What does the data show? Unfortunately, the data makes clear that youth across our state are not getting access to this important constitutional protection at equal rates. The map I have provided to you breaks down the rate of juvenile access to counsel by county.[1] Because each and every juvenile court case exposes a youth to the risk of incarceration, the youth in every case is already entitled by the U.S. Constitution to an appointed attorney and the judge has to ask when he or she wants one. However, how and when the judge asks that question, and whether the right is adequately explained to the youth or pressure applied not to take it, can all affect the rate at which children actually take up this right.  As you can see from the map, this is not an urban versus rural issue. Counties right next door to each other – perhaps, the counties within your own legislative district – can vary as much as 100%.  LB 158 would ensure that every youth coming to juvenile court receives the constitutional protection to which she is entitled, regardless of where she happens to be charged.

What about the cost? Last year, there was debate on the floor about the potential costs to counties posed by LB 894. We recognize that this is a special concern this year. Lawyers do cost money, and it is a special and remarkable feature of the American Constitution that we have chosen as a society to bear that cost in order to protect our citizens from possible government overreach.

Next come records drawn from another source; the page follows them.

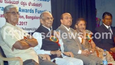 Photo Caption : Dr H Sudarshan, Secretary, VGKK and Karuna Trust, BR Hills with Dr Gururaj Karajagi, CMD, Academy for Creative Teaching, Dr A R K Pillai, Founder President, IDF and Sadhana Kaikeni at the IDF Grants and Awards Function 2017 at Bharatiya Vidya Bhavan, organized by Indian Development Foundation, in Bengaluru on Thursday 26th October 2017
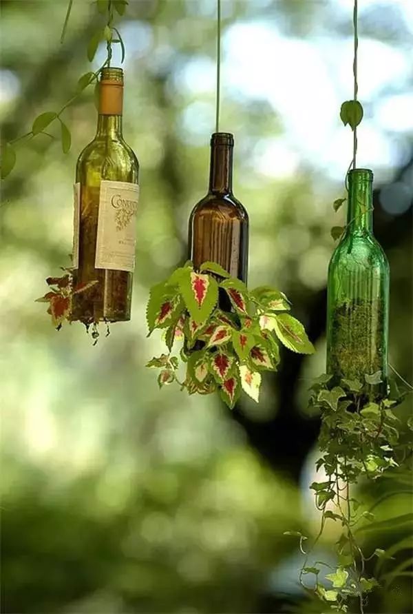 13.红酒瓶,其他瓶子也可以,装进泥土,在底部琢上洞口,做成一款唯美的花草吊饰
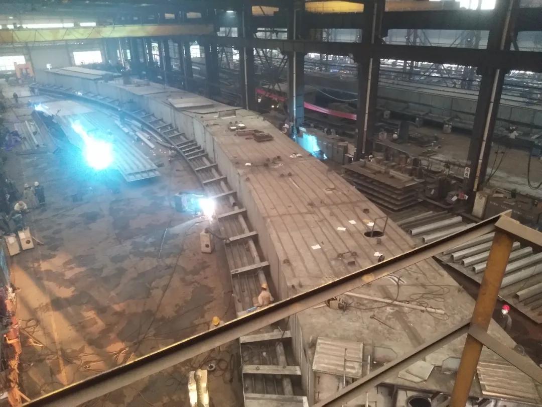 技術(shù)部及詳圖部投入全部精力,分工合作,加班加點(diǎn),分步分塊下發(fā)圖紙,解決了“單幅變?yōu)殡p幅”等關(guān)鍵技術(shù)問題,最終總裝合成鋼箱梁,為生產(chǎn)環(huán)節(jié)的順利開展打下了堅實(shí)的基礎(chǔ)。
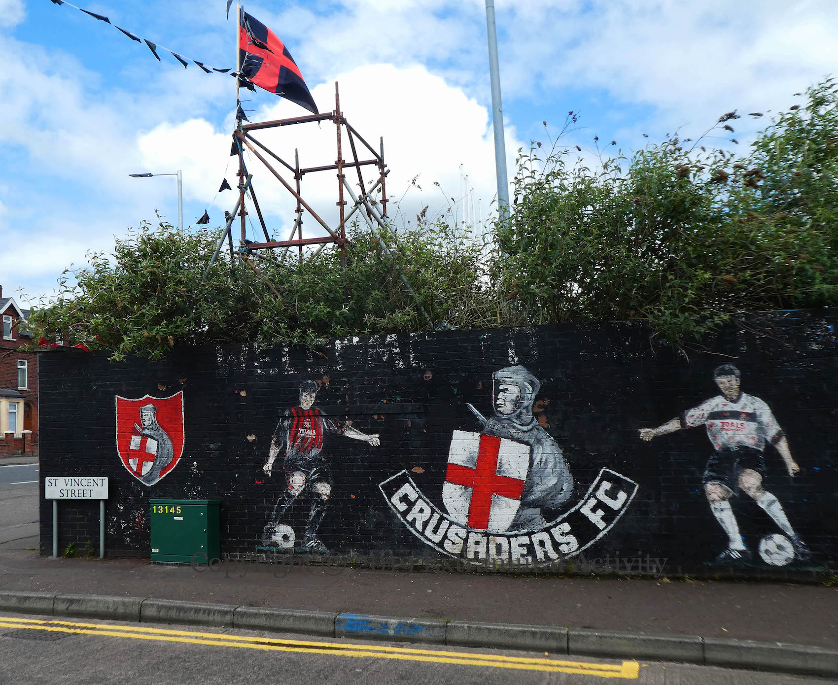 Crusaders – off to a perfect start of two wins – travel the mile and a half across north Belfast to Solitude to play Cliftonville at 3 this afternoon in the north Belfast derby. Today’s images are of the mural outside Seaview and the scene from the run-up to the team’s Irish Cup win over Ballinamallard (BBC-NI). In meetings between Crusaders and Cliftonville, Crusaders lead 151 wins to 84 (WP).
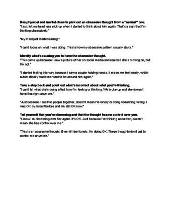 - Obsession often involves thoughts like, “What if I did this?” or “What are they doing right now?” These thoughts focus on other locations or dwell on the past or future. Concentrating on your surroundings can help you keep your thoughts in the here and now.
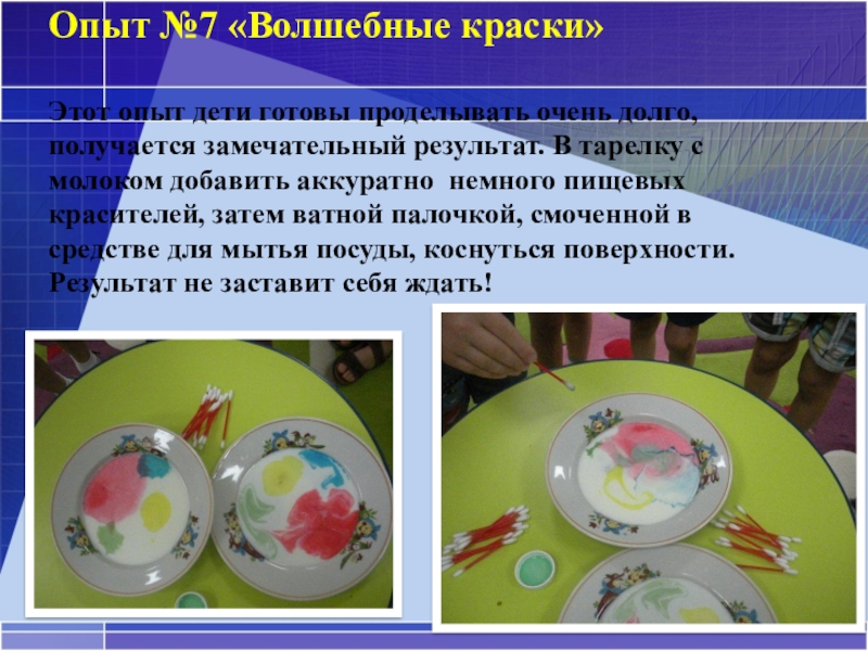 получается замечательный результат. В тарелку с молоком добавить аккуратно немного пищевых красителей, затем ватной палочкой, смоченной в средстве для мытья посуды, коснуться поверхности. Результат не заставит себя ждать!
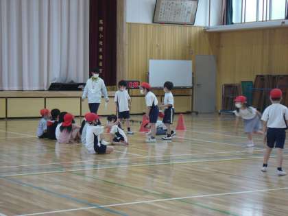 2年1組は,体育科で,新体力テストに挑戦しました。反復横跳びと長座体前屈を行いました。正しいやり方を確かめてから活動しました。
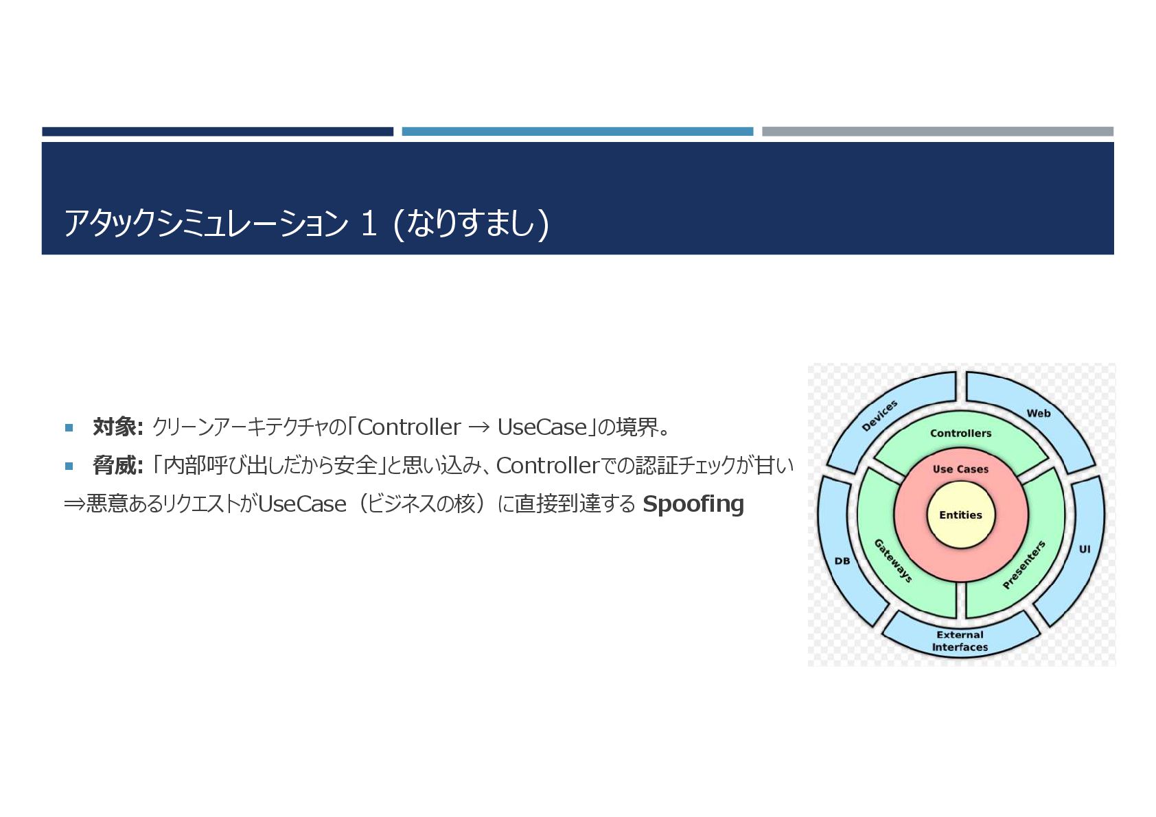 アタックシミュレーション 1 (なりすまし) 対象: クリーンアーキテクチャの「Controller → UseCase」の境界。 脅威:
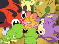 Just in time, Cheryl and our heroes arrive to rescue Burmy. Burmy manages to help rescue itself by teaming up with Chansey to defeat Meowth and Wobbuffet, and it finally evolves into Mothim! The stage is set for everyone to join forces and send Team Rocket blasting off. That's not all—Mothim then picks up a scent and leads Ash and the gang towards a new chapter in the search for the Amber Castle!
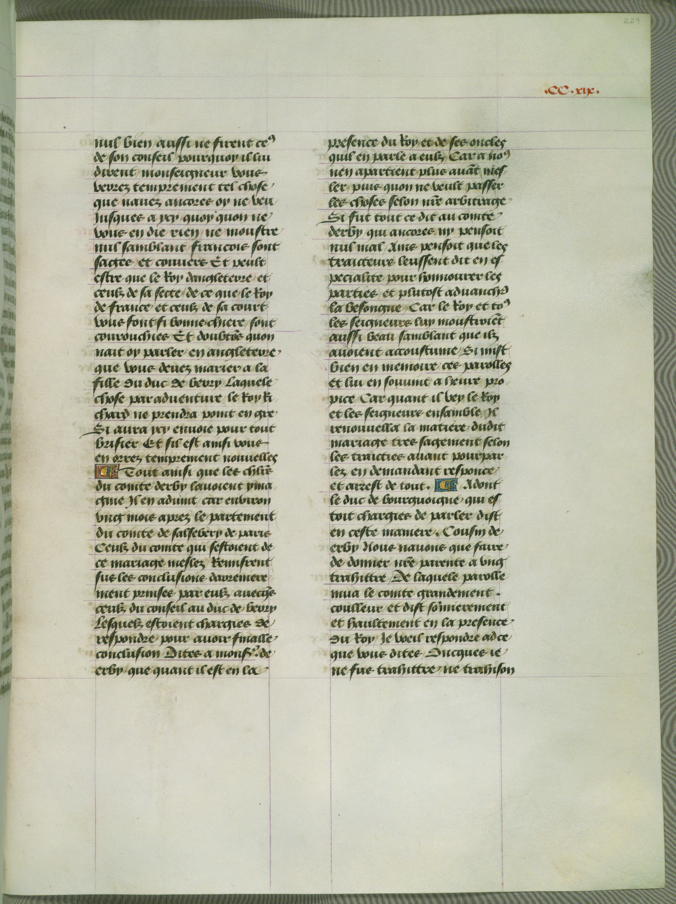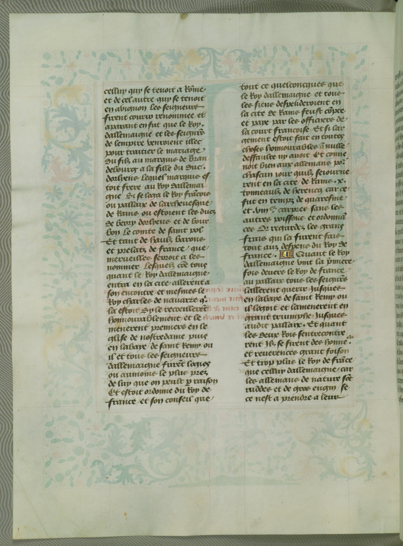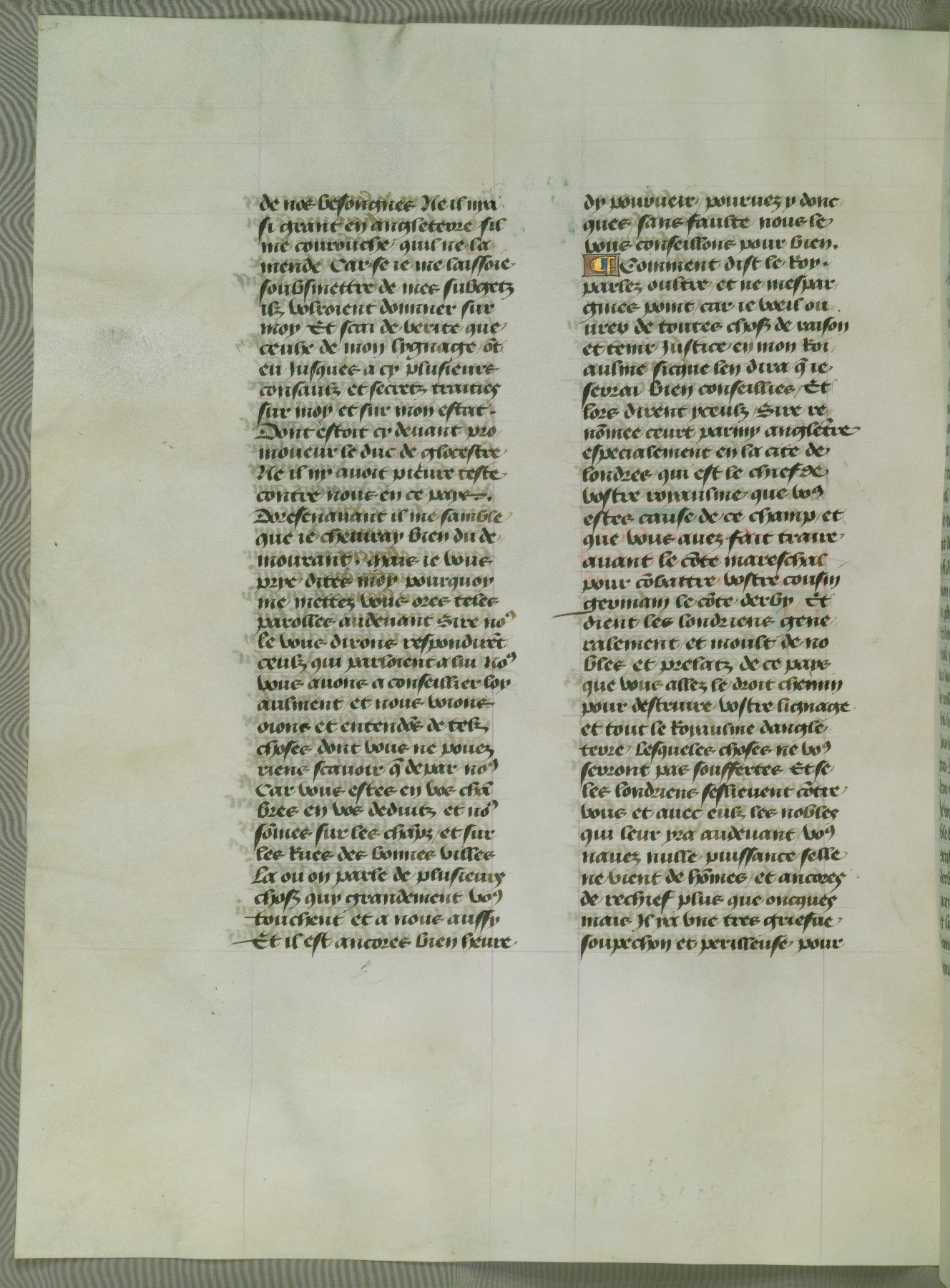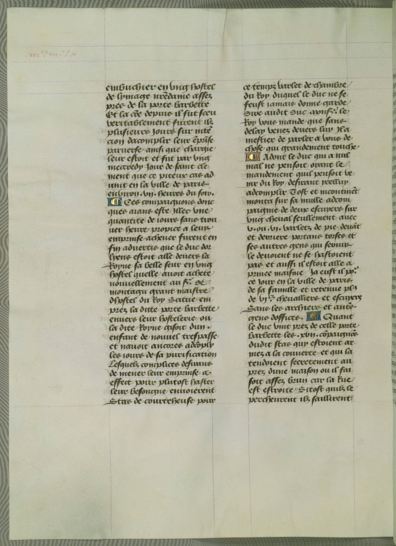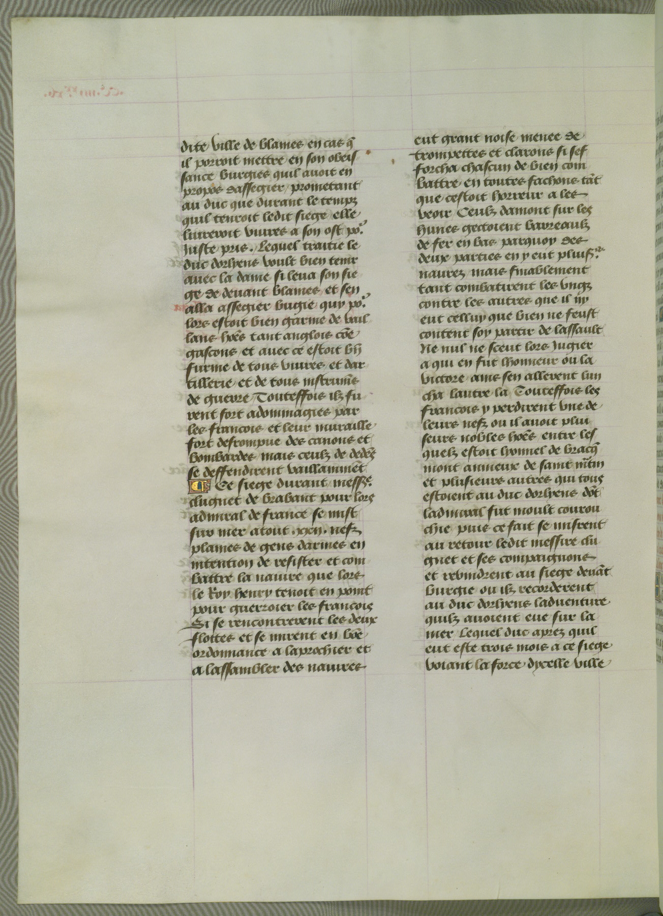 This manuscript is volume IV in a set of five from the collection "Recueil des chroniques et anchiennes istories de la Grant Bretaigne," written by Phillip the Good's counselor and chamberlain Jean de Wavrin. It chronicles the history of England from the early years of the reign of Richard II in 1377 to the demise of Henry IV, his successor, between 1400 and 1413. This volume, produced in Flanders between 1470 and 1480, was part of a set of which volumes II, III and V were recorded in the inventory of the library of William III of Orange in 1686, and was later rebound during the seventeenth or eighteenth century. Six three-quarter-page miniatures open the text of each book and depict events documented therein (with the exception of that of Book 1, portraying Richard II's coronation, which occurs prior to the period detailed in that book). The manuscript's margins are wide and relatively pristine throughout the textblock, but show significant signs of use on illuminated folios, indicating that this manuscript was primarily used for display and not as a historical text. Although few volumes of the Chroniques remain, this manuscript is particularly rare in that it is one of the two surviving exemplars of the text of volume IV, the other being part of the complete set in the Bibliothèque nationale de France (BN fr. 74-85). Volumes II, III, and V of the set to which this volume originally belonged are now in the collection of the Koninklijke Bibliotheek (Den Haag, KB : 133 A 7).

However, lawyers also have the potential to save money, by reducing expenses the county, state, and even family are already paying. When a defense attorney is able to consult immediately with her client and the county attorney and arranges a plea agreement for the first court appearance, the county and state are saved the expense of bringing judge, county attorney, bailiff and court reporter back for a second or even third hearing. The parents are saved the expense of missing work for a second hearing. If the judge detains the youth pending trial, the county bears the cost of that confinement at staggering expense. I attached an infographic comparing the cost of an average hourly appointment rate for lawyers in Nebraska with the cost of detention; if the lawyer can get the youth’s case moved even one day faster, the county saves $45.  If the lawyer gets the case in just one week sooner, the county saves $1,407.[2]

Every teenager facing a proceeding in which the government can take their liberty, remove them from home and family, put them on medication, or commit them to a psychiatric institution, boot camp, or YRTC  should have a lawyer to ensure their rights are protected and they understand what is happening and why.  LB 158 would close a gap in the way our state protects youth, and I urge you to support it. Voices for Children in Nebraska would like to thank Senator Pansing Brooks for bringing this important legislation, and the Committee for your time and consideration.

[1] This is 2015 data taken from the Administrative Office of the Courts Annual Statistical Report, published in February 2016.  At this time, data updated for 2016 is not yet available.

[2] This calculation is based on the average per diem cost of detention in 2015, according to data from Nebraska’s five detention facilities. To get the average cost of an attorney, we made an informal survey of attorneys taking court appointments, and received responses from 28 different Nebraska counties, both urban and rural.